Consideration 3: Knowledge of Contextual Factors

The crux of the external validity challenge in process tracing is the following: When can generalizations about how things might work be made to other cases that have not been directly studied? Even when other cases are not examined, looking at key episodes sheds light on contextual conditions that might be required for the actions and links in a particular pToC to function. Contextual conditions are factors that determine whether particular pathways within key episodes function in causally analogous ways in other cases. Making the contextual conditions and the inner workings of interventions explicit enables readers of an evaluation to determine whether these contextual conditions are also present in other cases of interest to them.

In the example IEG evaluation, the relevant contextual conditions operated at various levels: macro, meso, and micro. At the macro level, client country authorities had a window of opportunity to rethink the development framework within which the country had operated for multiple decades because of a noticeable decline in the country’s growth despite continued high levels of public investment. Lingering episodes of civil discontent that put a certain amount of pressure on the authorities to envision an alternative also contributed to opening up this opportunity. At the meso level, a long-standing trusted partnership between the country’s authorities and the World Bank, as well as a tradition of “challenging each other to learn together” that had been built through decades of engagement, enabled the World Bank to have an impact through its analytical and data work. At the micro level, the inner workings that the World Bank team activated (long-term engagement on one knowledge product, cultivation of champions, and co-creation of a diagnostic framework, among others) were possible only because of a high degree of project autonomy granted by World Bank management and because of the entrepreneurial attitude of the project’s team leader.

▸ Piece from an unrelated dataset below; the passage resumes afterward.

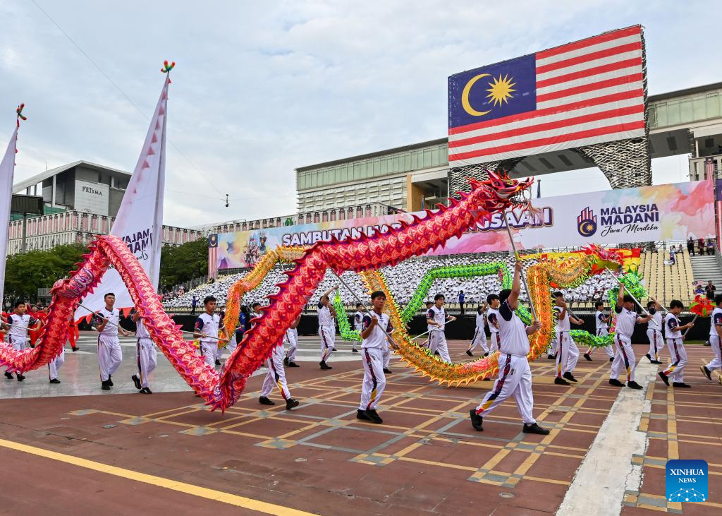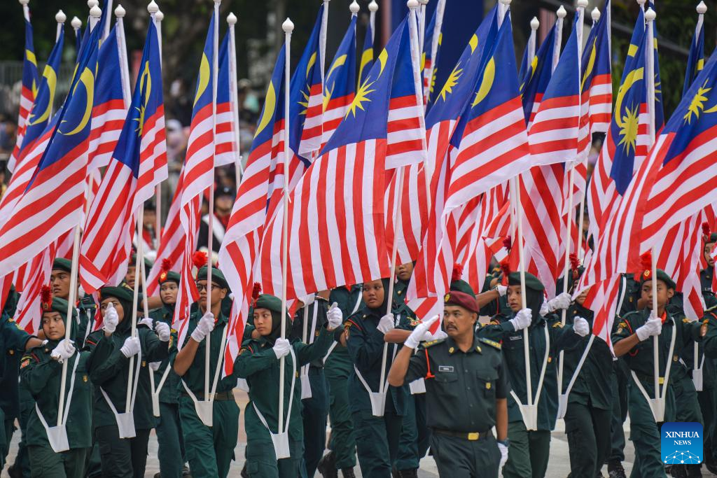 People take part in the National Day celebration rehearsal in Putrajaya, Malaysia, Aug. 29, 2024. Malaysia's National Day celebration will take place on Aug. 31. (Photo by Chong Voon Chung/Xinhua)

An evaluation can also probe a population of cases in a larger class (for example, all low-capacity states) more systematically using follow-up studies that trace only the most critical episodes of a pToC. Evaluators can use comparative methods, such as qualitative comparative analysis, to map key similarities and differences in contextual and other conditions across cases, enabling them to select diverse cases strategically within a population of potential cases (Raimondo 2023).

Although each of these more superficial follow-up studies may have relatively low internal validity, finding confirmatory evidence for how things work across a strategically selected set of cases can increase evaluators’ confidence in the external validity of the pToC employed to study them (Beach and Pedersen 2019). If different processes are found to be operative in a particular case, evaluators should then compare it with the case previously studied to identify what differences might explain why things worked differently in the two cases.